In my constituency, the port of Holyhead, which is a strategically vital port for UK-EU trade, has seen dramatic falls in traffic since Brexit. I note that following the closure of the port after Storm Darragh in December last year, the value of trade going through Holyhead has dropped by £500 million. At the time, I called for the Government to establish a hardship fund to support businesses impacted by the closure of the port. I urge the Government, as part of their strategy towards the EU, to make clear commitments to safeguard the port against future crises, given its strategic importance.

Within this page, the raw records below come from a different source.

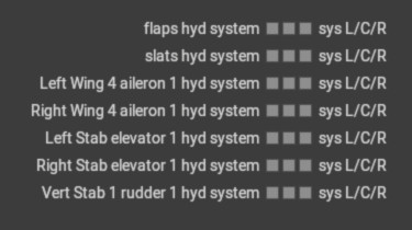 X-Plane Models three hydraulic CIRCUITS, which may be referred to as "Left/Center/Right", "L/C/R", "A/B/C" or "1/2/3" depending on the dataref name or description. When dataref names refer to the CIRCUIT or SYSTEM with a number or letter, then 1/A=LEFT, 2/B=RIGHT and 3/C=CENTER.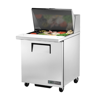 Master the art of flavor with the True Manufacturing TSSU-27-12M-C-HC Refrigerated Counter, Mega Top Sandwich/Salad Unit. This top-of-the-line unit is designed to meet the demands of a busy commercial restaurant, ensuring that your ingredients stay fresh and ready for use. With its stainless steel insulated cover and series stainless steel top, front, and sides, this unit is not only durable but also easy to clean. The unit features a spacious interior with (12) 1/6 size poly pans, allowing you to store a variety of ingredients for sandwiches and salads. The 8-7/8"D cutting board provides a convenient workspace for food preparation. Equipped with a door and two shelves, this unit offers ample storage space for your restaurant's needs. The aluminum interior with a stainless steel floor ensures optimal hygiene, while the 5" castors make it easy to move the unit around. With its energy-efficient design and R290 Hydrocarbon refrigerant, this unit is not only environmentally friendly but also cost-effective. Trust True Manufacturing to deliver high-quality refrigeration solutions for your commercial restaurant.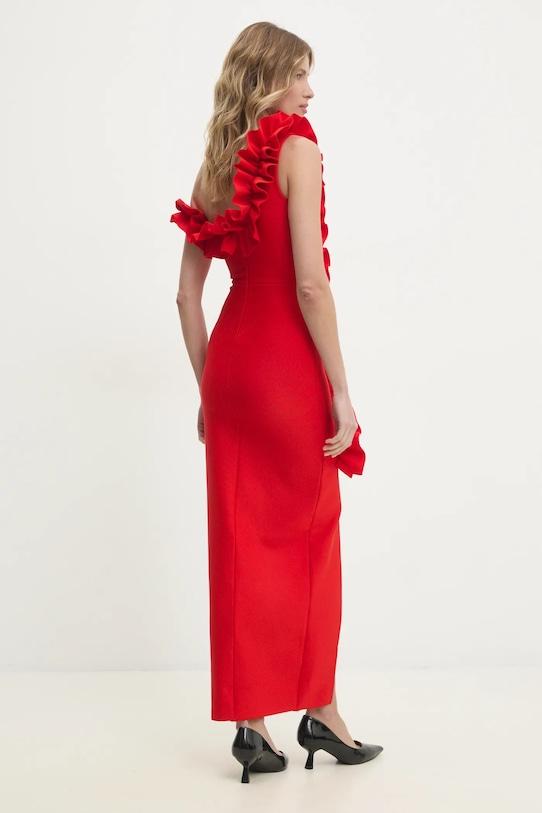 Это элегантное платье из коллекции Answear.LAB выполнено из плотного, высокоэластичного трикотажа. Содержание полиэстера делает ткань менее мнущейся. - Приталенный крой, подчеркивающий силуэт. - В зависимости от расположения рукавов его можно носить с испанским или заостренным вырезом. - Модель с декоративными оборками. - Верхний край покрыт силиконом, что предотвращает скольжение платья. - Застежка на молнию и крючок сзади. - Впечатляющий крой. - Длина: 130 см. - Ширина под мышками: 37 см. - Ширина талии: 30 см. - Ширина бедер: 41 см. - Размеры указаны для размера: S.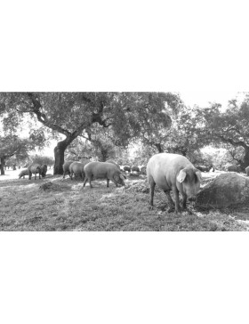 Cuidamos al detalle cada etapa, desde la cría del cerdo hasta la curación de cada pieza durante más de 36 meses. Nuestros cerdos de cebo de campo aprovechan al máximo los recursos otorgados por el entorno natural.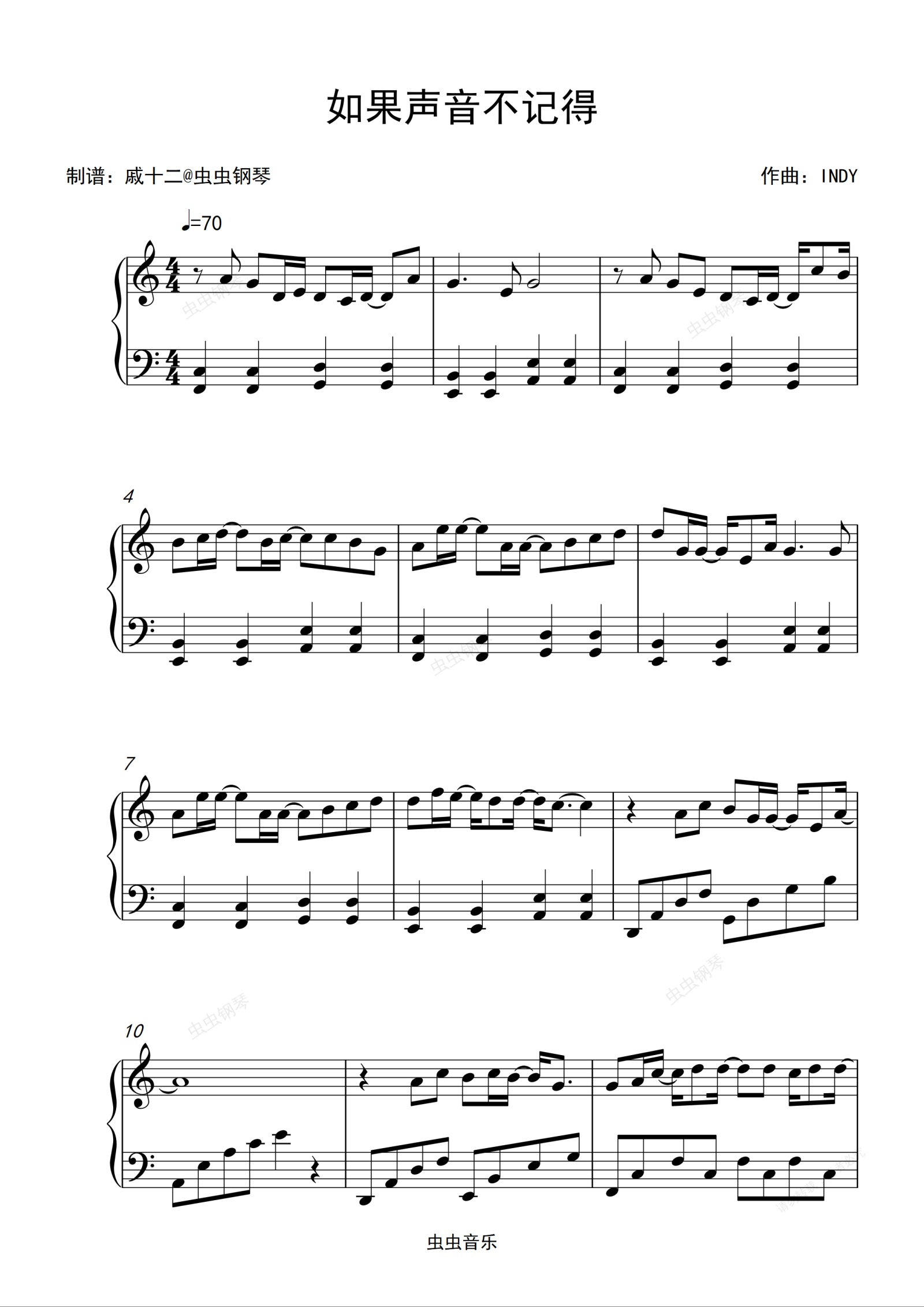 钢琴谱:如果声音不记得-C调简单版

We need a relationship with Europe that works for Wales, and the opportunity to improve relations at the upcoming UK-EU summit is welcome. Given that Wales is more reliant on exporting to the EU than the rest of the UK, it is crucial that we make trading between Wales and Europe easier. I have seen the challenges that exporters in my constituency face, with local business The Lobster Pot telling me that it has struggled to export under the post-Brexit system. A veterinary agreement covering plant and animal health to cut red tape and costs for our exporting businesses will be vital. The Government should create a youth mobility scheme and join the Erasmus+ programme so that our young people can study and work abroad, creating new skills and opportunities for the next generation. We also need to see co-operation on the environment, the arts and defence.

I hope that next week’s summit will be the start, not the end of strengthening our ties with Europe. This Government have said that their first mission is to grow the economy, and I can see no better opportunity to improve growth than by committing the UK and Wales to the long-term goal of joining the single market and customs union. Wales has been made to suffer badly by those who championed the false promises of Brexit. This Government must now take action to fix our damaged relationship with Europe to protect the Welsh economy.

Judith Cummins Portrait Madam Deputy Speaker (Judith Cummins)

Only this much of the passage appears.